Once that information was taken, the hacker sent an email to numerous members of the Penn community. It had the subject line “We got hacked (Action Required),” and it called the school “a dogshit elitist institution full of woke retards.” It went on to claim that the school is “completely unmeritocratic” and that “we hire and admit morons because we love legacies, donors, and unqualified affirmative action admits.”
Sounds political! But the hacker contacted the site Bleeping Computer and said that the real goal was Penn’s “vast, wonderfully wealthy donor database” and that, “while we’re not really politically motivated, we have no love for these nepobaby-serving institutions.” (Among the donors? Elon Musk, who has endowed the Elon Musk Public Lecture at Penn.)

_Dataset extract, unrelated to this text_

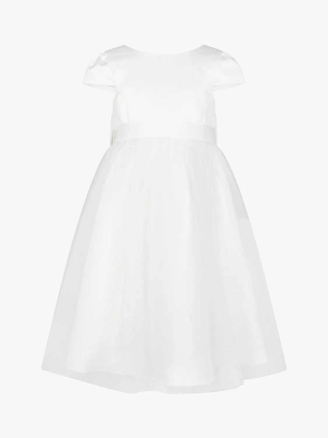 Ready to look the part, this enchanting bridesmaid dress will melt hearts. Featuring an exaggerated bow detailing to the back, this dress offers a round neck, short puff sleeves and a mesh overlay skirt. Pair with matching ballerinas and a floral headband for a polished look. Fastens with a concealed zipper to the back.

That “denial” of political motivations also sounds pretty political, and there’s precedent for such actions against educational institutions. Columbia University, for instance, was hacked this summer by a “highly sophisticated ‘hacktivist’ who had gained access to private student records in an attempt to further a political agenda,” according to the Associated Press.
It’s always hard to know how much of this “hactivist” activity is truly motivated private actors, however, as opposed to nation-states disguising their own attempts to steal data and to create political disruption.
In response, Penn has called in the FBI and the private company CrowdStrike, while a Penn alumnus has already sued the school for negligence. Penn workers can look forward to “additional mandatory trainings” to prevent similar breaches in the future.